Zadecydował pierwszy set - komentarze po meczu Delecta Bydgoszcz - Skra Bełchatów

Sporo emocji dostarczył środowy pojedynek Delecty Bydgoszcz ze Skrą Bełchatów. Gospodarze, szczególnie w pierwszym secie postawili rywalom trudne warunki, ale mistrzowie Polski nie pozwolili odebrać sobie pewnego zwycięstwa.

Mariusz Wlazły (kapitan PGE Skry): O naszym sukcesie zadecydował pierwszy set. Gdybyśmy go nie wygrali, ten mecz mógłby potoczyć się zupełnie inaczej. Później już utrzymywaliśmy rezultat w bezpiecznej odległości. Dlatego ten sukces jest dla nas bardzo ważny i mocno się z tego cieszymy. Zazwyczaj staramy się w połowie każdej partii odskoczyć rywalom, a ekipa z Bydgoszczy jest w końcówkach niezwykle groźna.

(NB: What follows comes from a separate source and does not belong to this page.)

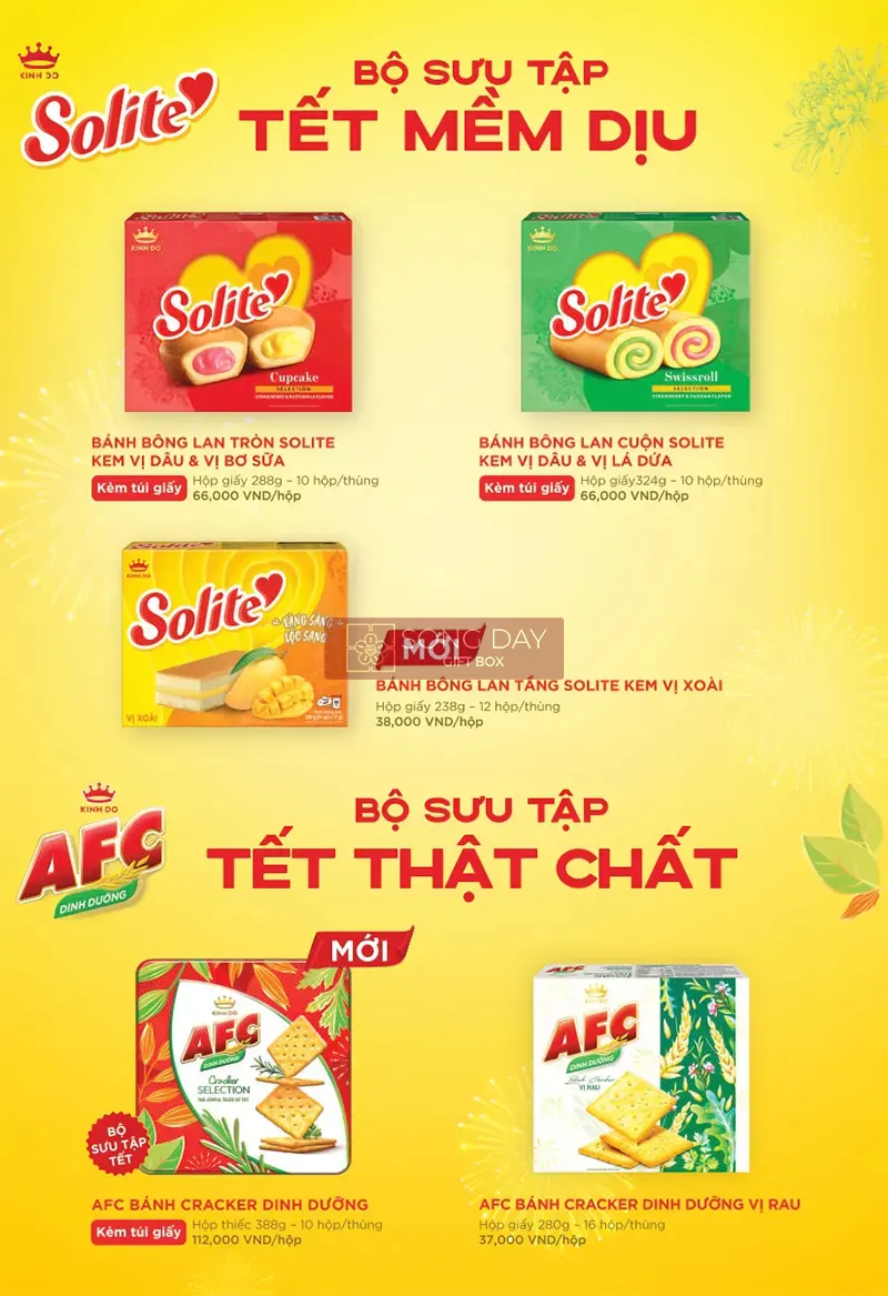 Mang đến mùa Tết Bính Ngọ 2026 này, hãng mang đến bộ sưu tập tết với đa dạng list sản phẩm như hộp quà Lộc, bánh cosy, AFC, Solite, Oreo, bánh Lu, Dairy milk, Socola… Năm nay, Mondelez Kinh Đô tiếp tục cho ra mắt bộ quà Tết Kinh Đô Lộc 1 và 2 với mỗi set quà chứa nhiều loại bánh khác nhau được chọn lọc với thông điệp “Đầu năm đón Lộc, cả năm đầy Lộc” để mang Lộc đến các gia đình vào dịp tết. Hơn thế hãng còn muốn lan tỏa niềm hi vọng về một năm mới trọn vẹn và no ấm hơn, là set quà tặng tinh tế, cao cấp và đầy ý nghĩa để dành tặng nhau dịp tết cho người thân, về trưng ngày tết, doanh nghiệp lựa chọn để tặng nhân viên, công nhân, khách hàng…

Wojciech Jurkiewicz (kapitan Delecty): Pierwszy set ustawił cały mecz. My potem mieliśmy swoje szanse, ale to już Skra dysponowała świetną zagrywką i nie pozwoliła zbliżyć się do siebie. Ponadto słabe przyjęcie zagrywki Miguela Falaski spowodowało, że nie mogliśmy nic później zrobić. Skra zaczęła grać lepiej i to też zadecydowało o sukcesie mistrzów Polski.

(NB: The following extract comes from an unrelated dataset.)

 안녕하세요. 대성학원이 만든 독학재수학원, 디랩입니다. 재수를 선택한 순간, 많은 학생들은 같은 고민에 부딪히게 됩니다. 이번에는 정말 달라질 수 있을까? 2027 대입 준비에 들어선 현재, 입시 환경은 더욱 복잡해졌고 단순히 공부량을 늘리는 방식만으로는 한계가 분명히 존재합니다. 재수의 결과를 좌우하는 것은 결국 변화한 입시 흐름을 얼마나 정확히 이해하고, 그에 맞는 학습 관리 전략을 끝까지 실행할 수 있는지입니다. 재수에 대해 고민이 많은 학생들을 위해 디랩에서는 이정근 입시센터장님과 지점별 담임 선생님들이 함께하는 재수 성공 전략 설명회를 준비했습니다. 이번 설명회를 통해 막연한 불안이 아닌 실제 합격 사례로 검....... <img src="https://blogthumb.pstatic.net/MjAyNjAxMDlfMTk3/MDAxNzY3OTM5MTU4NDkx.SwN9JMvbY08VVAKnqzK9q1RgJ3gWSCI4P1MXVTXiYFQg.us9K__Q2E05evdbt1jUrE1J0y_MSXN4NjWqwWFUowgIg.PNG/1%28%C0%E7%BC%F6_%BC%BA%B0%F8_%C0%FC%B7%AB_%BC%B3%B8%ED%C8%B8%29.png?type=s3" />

Jacek Nawrocki (trener Skry): Musimy pilnować pierwszego miejsca, bowiem teraz w zasadzie każde spotkanie jest w PlusLidze niezwykle ważne. Ponadto wnikliwa analiza i docenienie rywala miała dla nas duże znaczenie. Dobrze też przyjmowaliśmy zagrywkę bydgoszczan i to też dało nam trzy punkty. Świetne na zagrywce prezentowali się Bartosz Kurek i Mariusz Wlazły. Jeśli wszystko wychodzi, to gra się z przyjemnością.

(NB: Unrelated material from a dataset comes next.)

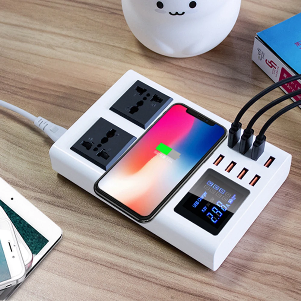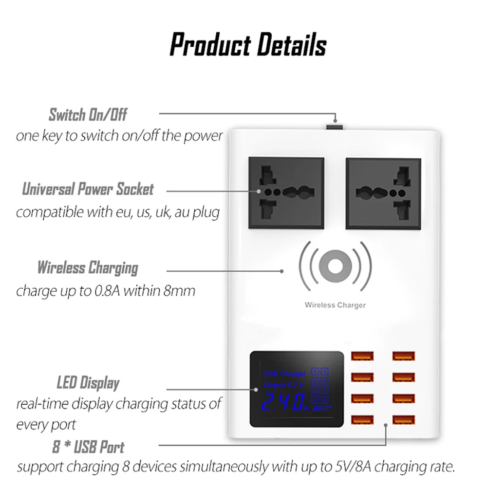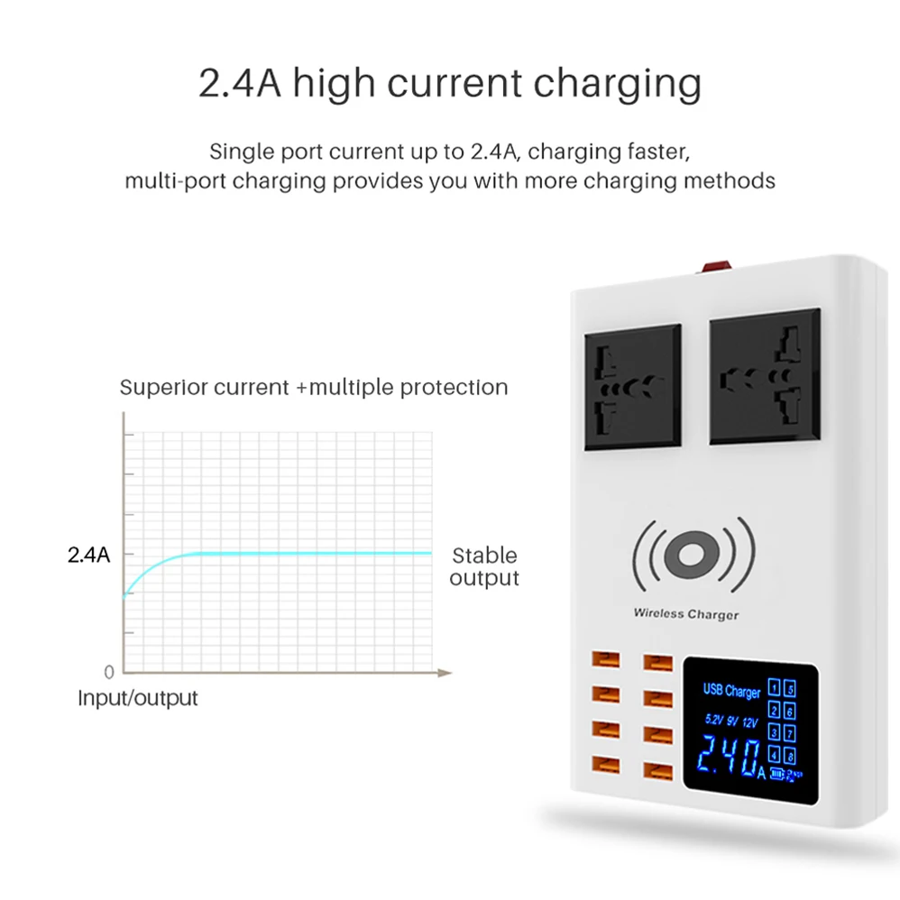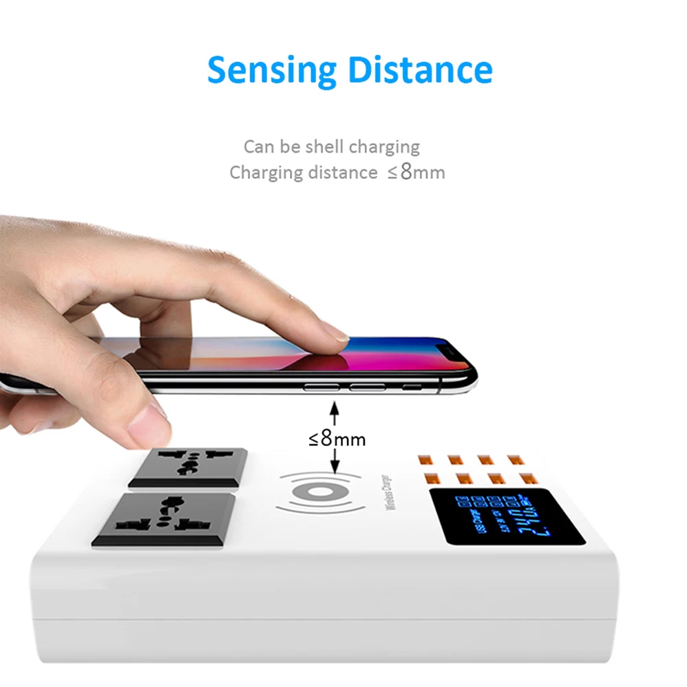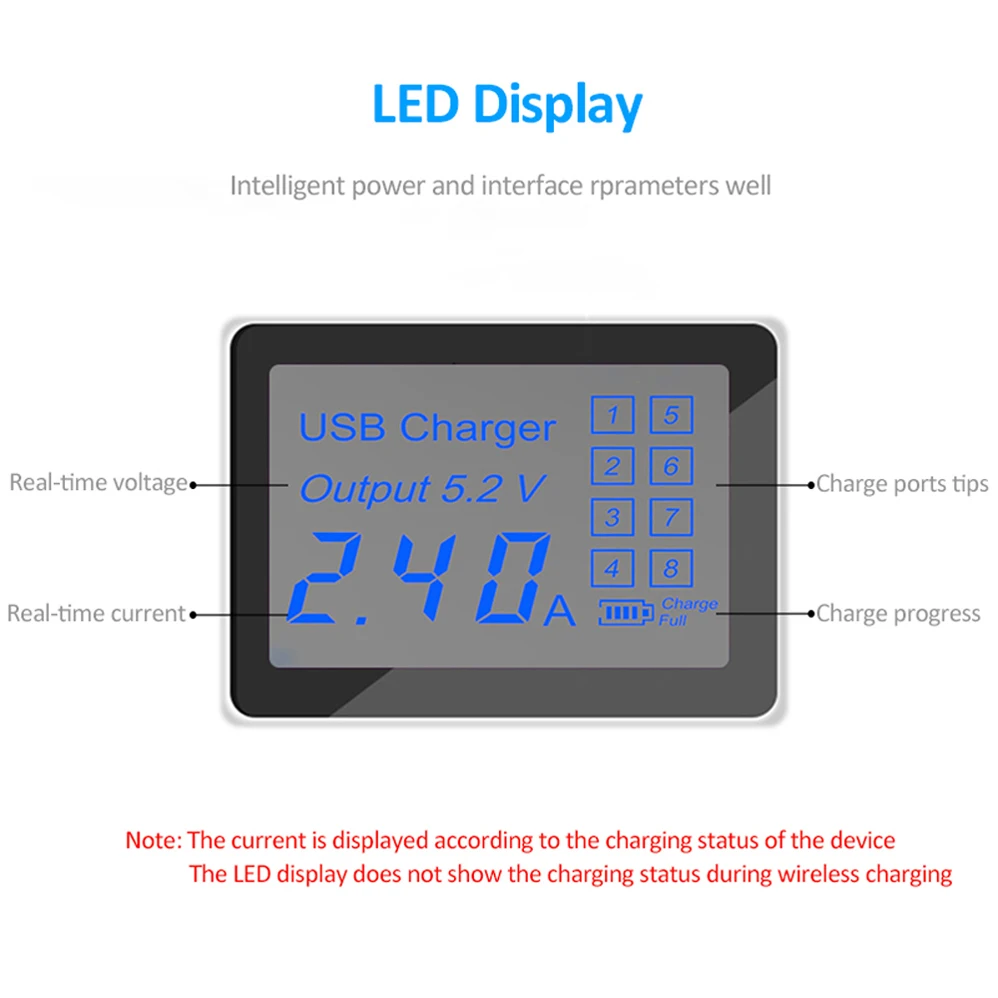 8 puertos USB con cargador inalámbrico de varias capacidades de salida para satisfacer sus necesidades

Piotr Makowski (trener Delecty): Poziom reprezentowany przez zespół Skry jest dla nas nieosiągalny. Graliśmy już w tym sezonie z rożnymi rywalami, ale po raz kolejny bełchatowianie zagrali z nami dobry mecz. Tylko w pierwszym secie rywale popełnili osiemnaście błędów własnych i przez to mogliśmy nawiązać walkę w jego końcówce. Jedynym naszym usprawiedliwieniem mogą być kontuzje, które w poprzednim tygodniu utrudniały nam prace. Wiemy gdzie jest nasze miejsce w szeregu.